— MATERIAL FOR THIS EXERCISE —

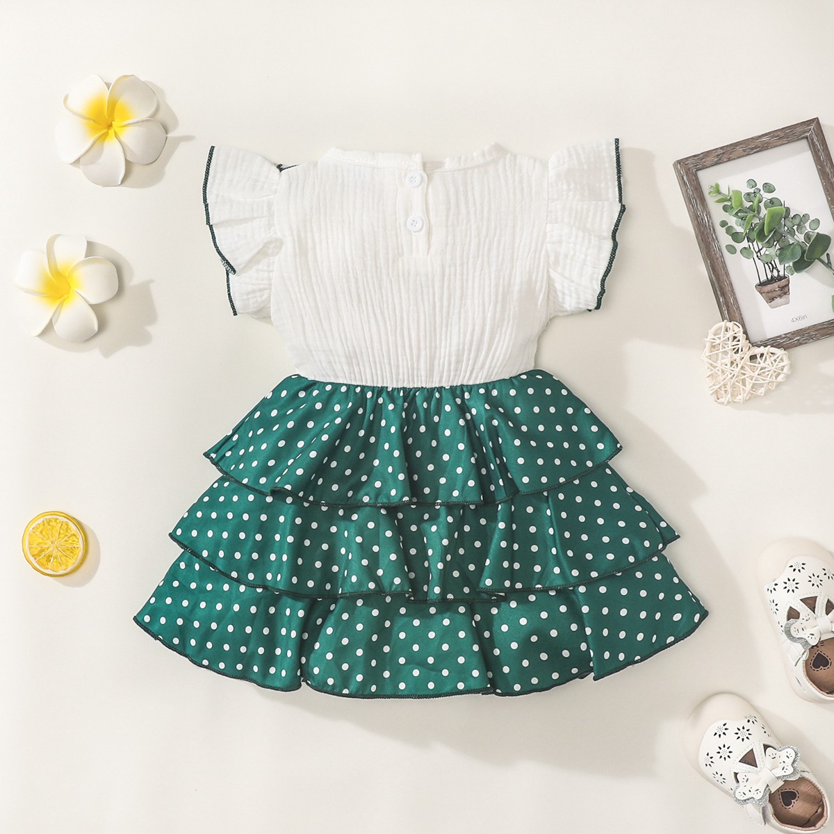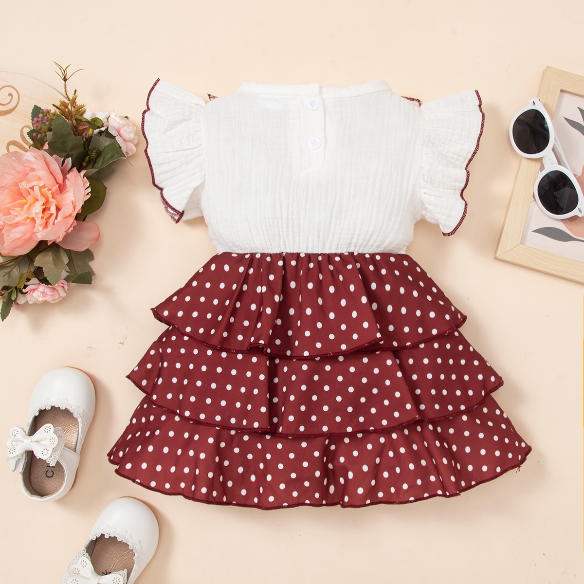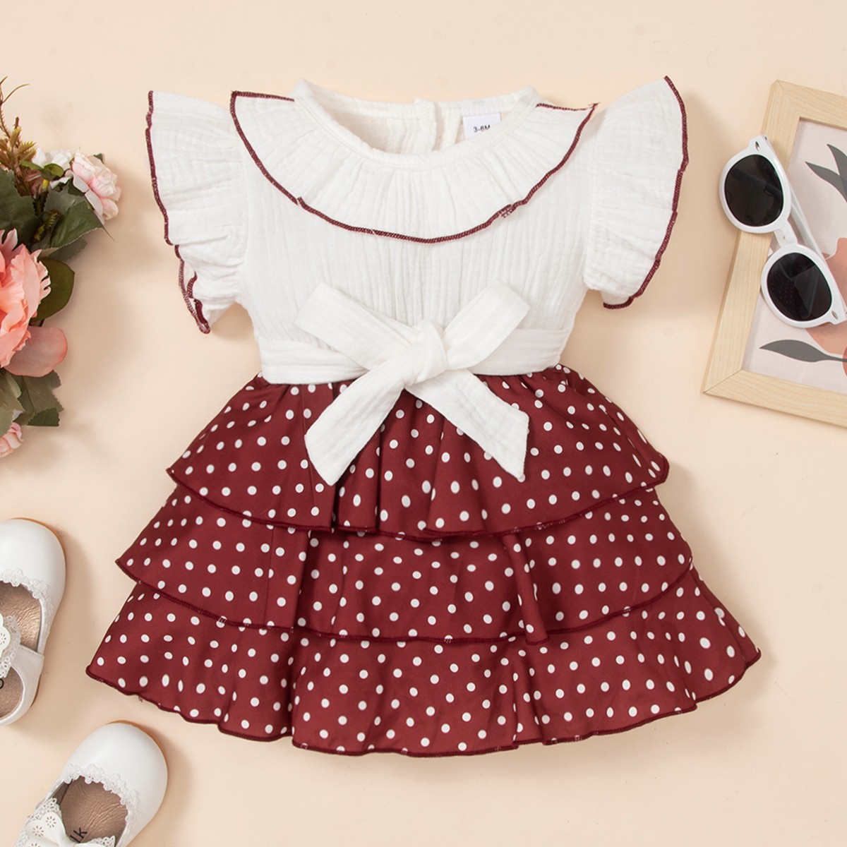 Baby Girl Sweet Color-block Polka dot Print Dress Wholesale
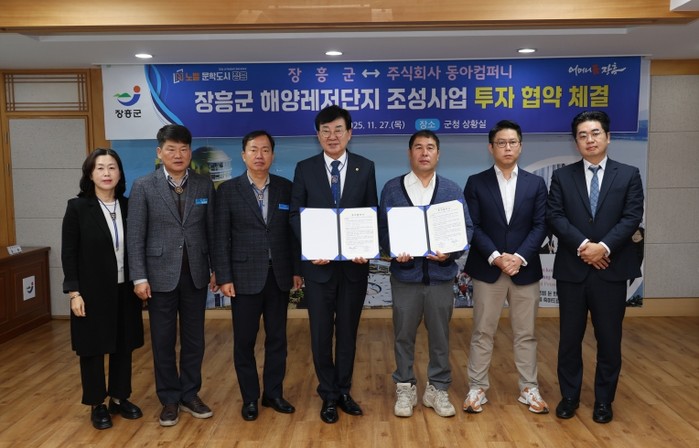 [코리아 이슈저널=김종오 기자] 장흥군은 27일 (주)동아컴퍼니와 150억원 규모의 해양레저단지 조성사업 투자협약을 체결하고, 지역 해양관광산업의 새로운 도약 기반을 마련했다.
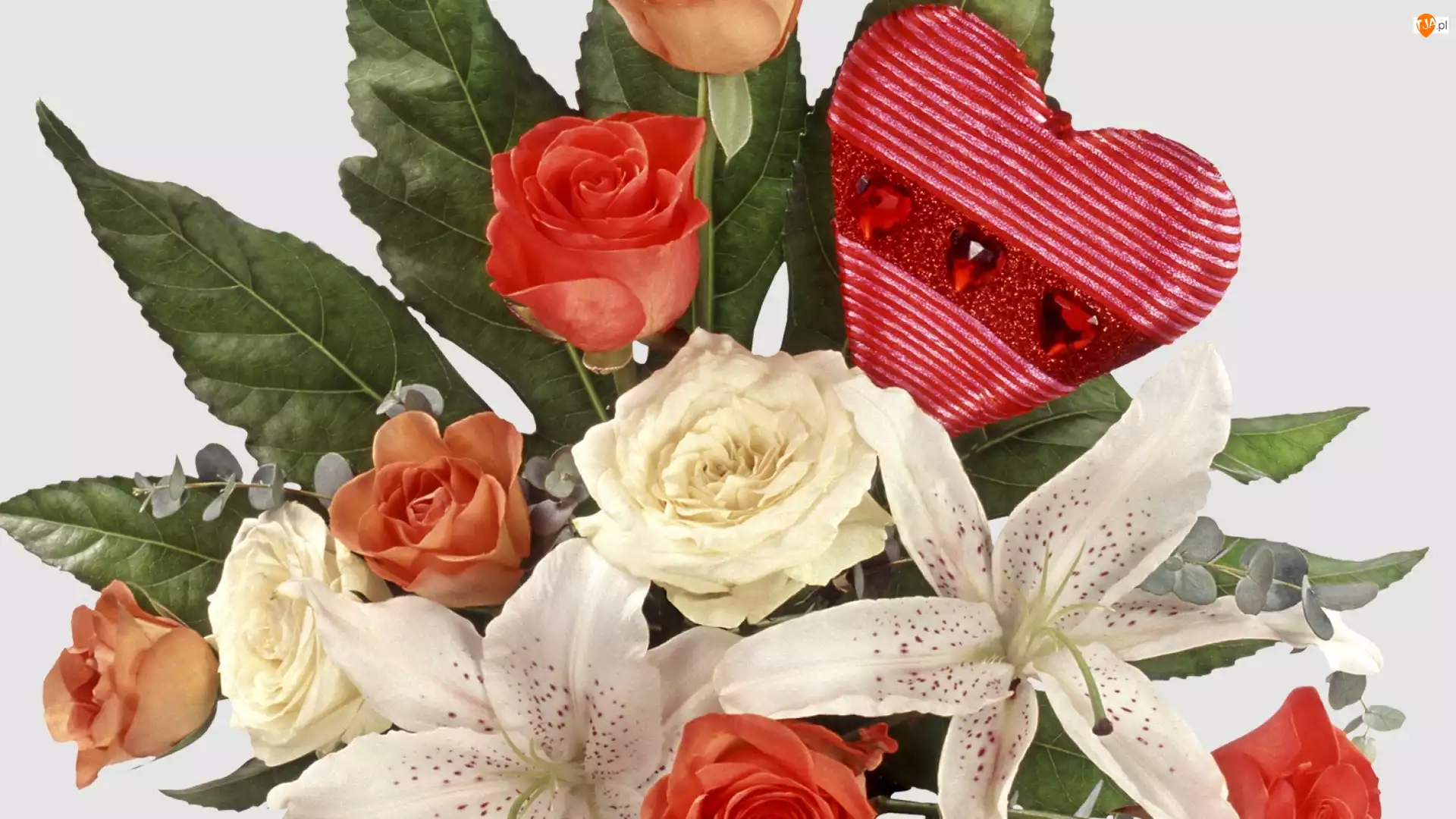 Serce, Bukiet, Róże, Kwiatów, Lilie
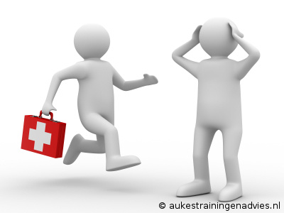 - Begin reanimatie indien het slachtoffer niet meer ademt of...
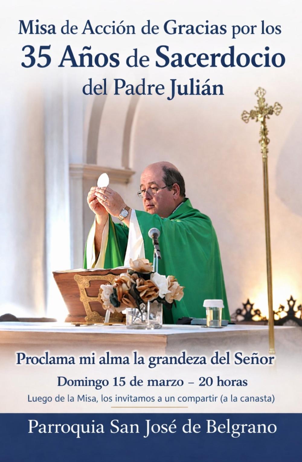 La comunidad de la Parroquia San José de Belgrano se prepara para vivir un momento especial este domingo 15 de marzo, cuando se celebre una misa de acción de gracias por los 35 años de sacerdocio del Padre Julián.
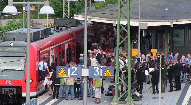 Mit der "Staatsbesuch"-Reihe lädt die S-Bahn Städte und Gemeinden der Region ein, sich kostenlos gegenseitig zu besuchen. Im März waren auf diese Weise 160 Gäste aus Speyer am Bärlauch-Eventwochenende in Eberbach (wir berichteten). Heute kamen rund 180 Eberbacher bei volkstümlicher Blasmusik auf dem Bahnsteig 2 zusammen, um kurz nach 9 Uhr mit der S-Bahn, die im Oktober 2009 auf den Namen „Eberbach am Neckar“ getauft worden war (wir berichteten), in die Pfalz zu starten.
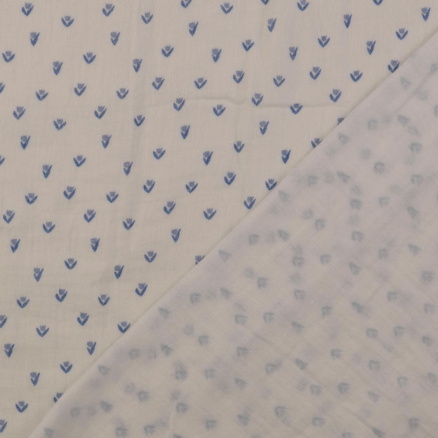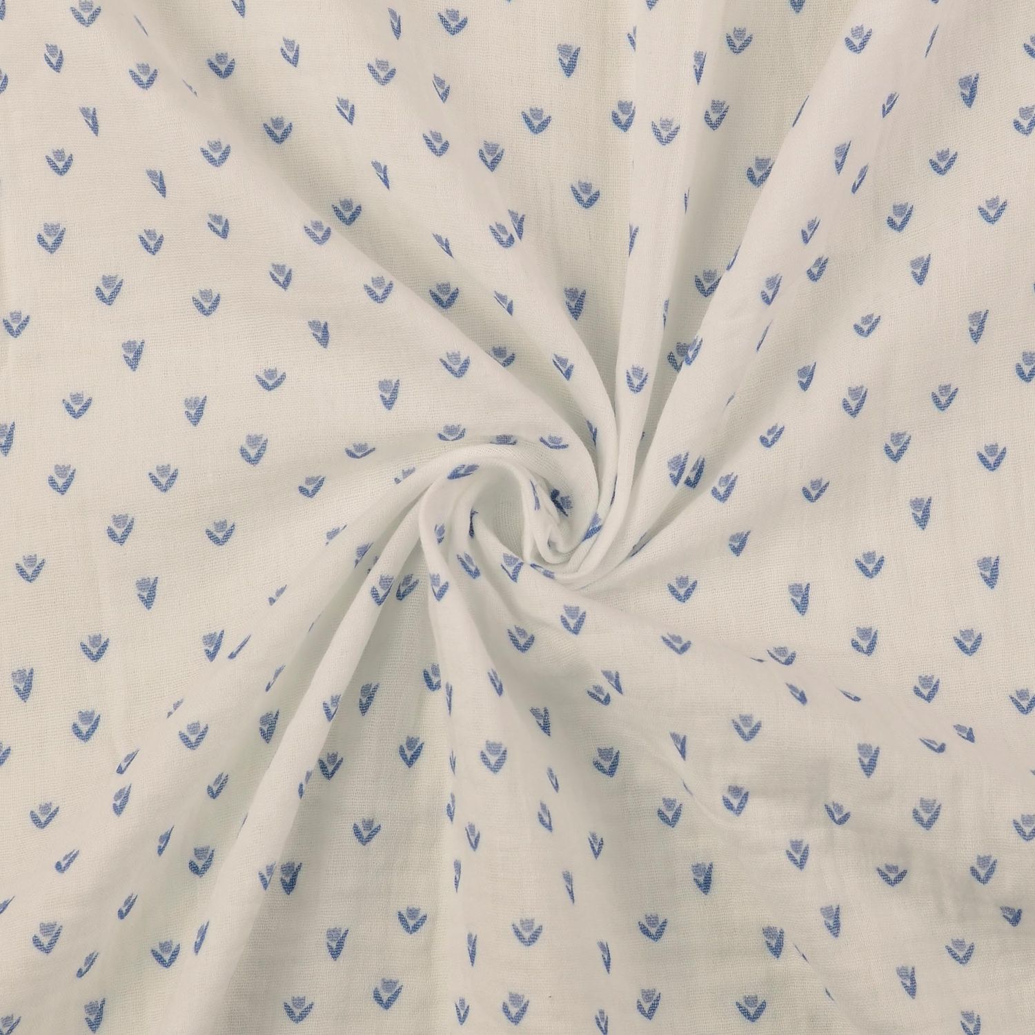 Bomulds-Musselin - Double Gauze digitaltryk Tulipaner Offwhite Denimblå

— TASK OBJECTIVE —
Repeat, exactly and with no pictures, each line from the line that holds "[코리아 이슈저널=김종오 기자]" through the last line of the records above.

— ANSWER SPACE —
 [코리아 이슈저널=김종오 기자] 장흥군은 27일 (주)동아컴퍼니와 150억원 규모의 해양레저단지 조성사업 투자협약을 체결하고, 지역 해양관광산업의 새로운 도약 기반을 마련했다.
 Serce, Bukiet, Róże, Kwiatów, Lilie
 - Begin reanimatie indien het slachtoffer niet meer ademt of...
 La comunidad de la Parroquia San José de Belgrano se prepara para vivir un momento especial este domingo 15 de marzo, cuando se celebre una misa de acción de gracias por los 35 años de sacerdocio del Padre Julián.
 Mit der "Staatsbesuch"-Reihe lädt die S-Bahn Städte und Gemeinden der Region ein, sich kostenlos gegenseitig zu besuchen. Im März waren auf diese Weise 160 Gäste aus Speyer am Bärlauch-Eventwochenende in Eberbach (wir berichteten). Heute kamen rund 180 Eberbacher bei volkstümlicher Blasmusik auf dem Bahnsteig 2 zusammen, um kurz nach 9 Uhr mit der S-Bahn, die im Oktober 2009 auf den Namen „Eberbach am Neckar“ getauft worden war (wir berichteten), in die Pfalz zu starten.
 Bomulds-Musselin - Double Gauze digitaltryk Tulipaner Offwhite Denimblå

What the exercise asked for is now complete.